Count the number of reads in the batch of negatives on a Tn5 plate. This script is set up to recognize any file that has NEG in the name, and should be run in the folder of interest.

perl count_negative_reads_fastq_list_PE.pl library_name

Writes an outfile named library_name_negative_counts_results

Scripts for mapping or variant calling

This script takes a list of SE or PE reads and maps them to a particular reference genome and uses samtools to take them through the generation of sorted bam files:

perl run_map_and_samtools_parental.pl read_list_file genome_to_map_to read_type_SE_or_PE

The read list should contain one column if the data is SE and two columns \t delimited if the data is paired end. The output file for each entry in the read list will be: samplename.read1.fq.sorted.unique.bam


This script can be run after running run_map_and_samtools_parental.pl to run bcftools on the bams generated by the mapping/samtools script:

perl run_bcftools_v2.pl reads_list genome_assembly

The reads_list file is the same file used as input in run_map_and_samtools_parental.pl and the command should be executed in the same directory. For each bam file, the script will generate a pileup and vcf file.

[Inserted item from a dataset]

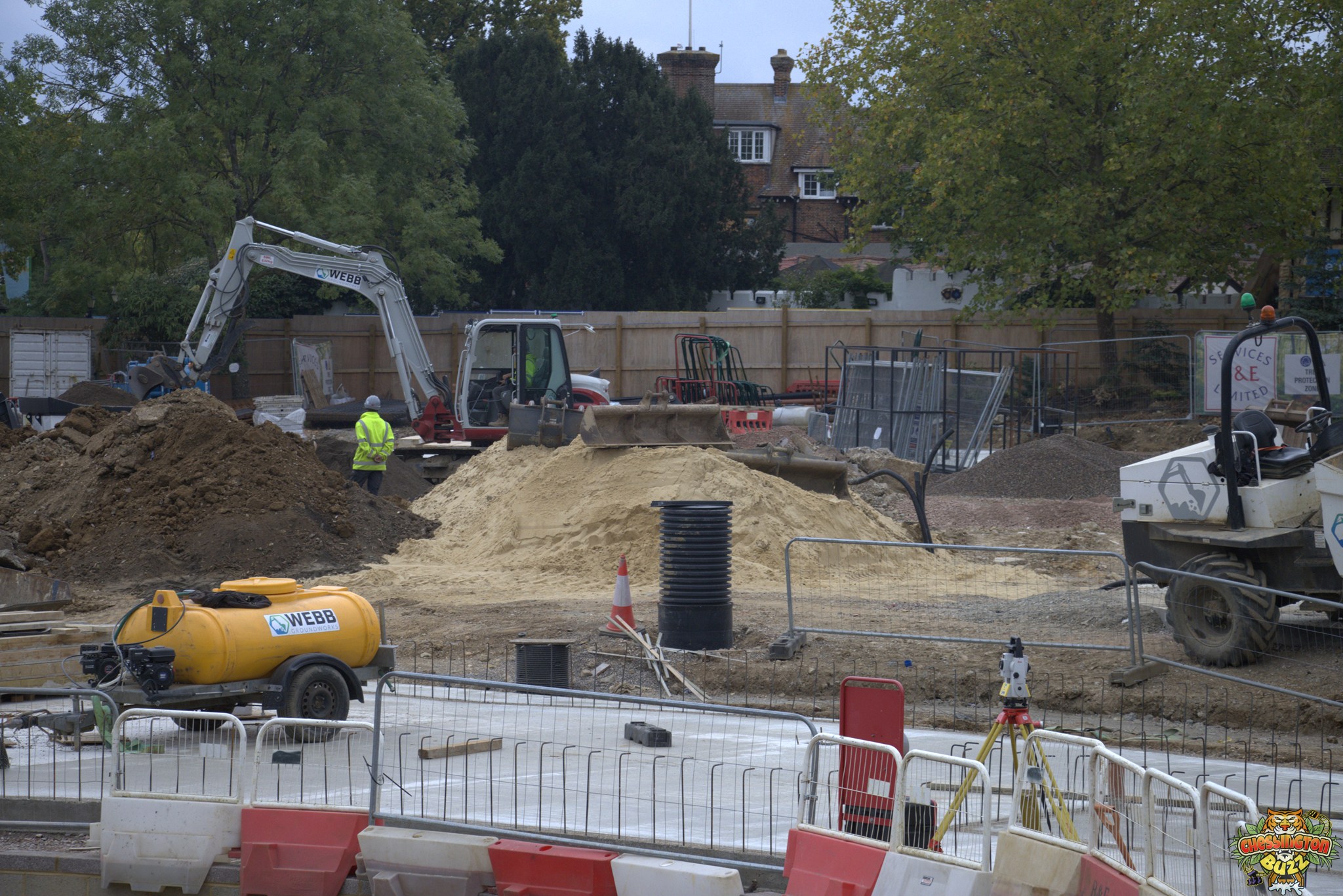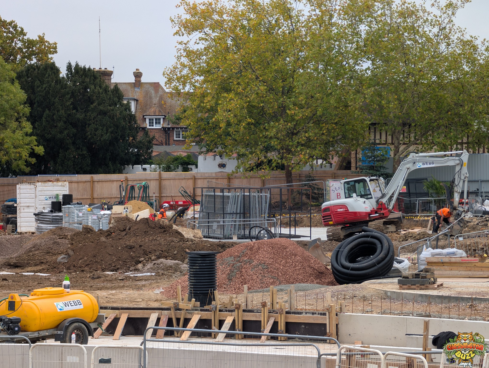 Groundwork also continues in earnest. Crews are busy flattening large sections of the site and laying hardcore, preparing the ground for paths and future queue-lines. This vital stage ensures the area will be ready for the thousands of footsteps it will welcome once complete.

This script can be run after executing a case-control GWAS with samtools legacy. This script takes the results of a case-control GWAS using the samtools legacy vcf and reformats them for plotting:

perl print_alleles_depth_freq_chi_per_site_GWAS.pl infile.legacy.vcf > outfile


Scripts that manipulate or summarize fasta files

Take a fasta file with IUPAC ambiguity codes and perform a base by base coin flip for use in programs that do not accomodate polymorphism (e.g. RAxML):

perl coinflip_fasta_poly.pl infile.fa > outfile_coinflip.fa


Calculate divergence and polymorphism (dxy and pi) in two co-linear fasta sequences:

perl fa2polydiv_window_list_v3.pl fasta_file1 fasta_file2 list_of_scaffolds_to_analyze window_size_bp


Extract a scaffold by name from a fasta file:

perl getScaffold_samtools.pl file.fa contig_name > outfile


Summarize the N50 and length distribution of an assembly and optionally print scaffolds greater than a particular size:

perl getScaffLengthDist.pl fasta_file min_contig_length print_scaffolds_greater_than_min_contig_length_0_1


Summarize the N50 and length distribution of an assembly and optionally print scaffolds smaller than a particular size:

perl getScaffLengthDist_printsmallerthan.pl fasta_file min_contig_length print_scaffolds_greater_than_min_contig_length_0_1


Count polymorphic basepairs based on IUPAC ambiguity codes in the fasta file. Note: not all fasta files include this coding of polymorphic bases.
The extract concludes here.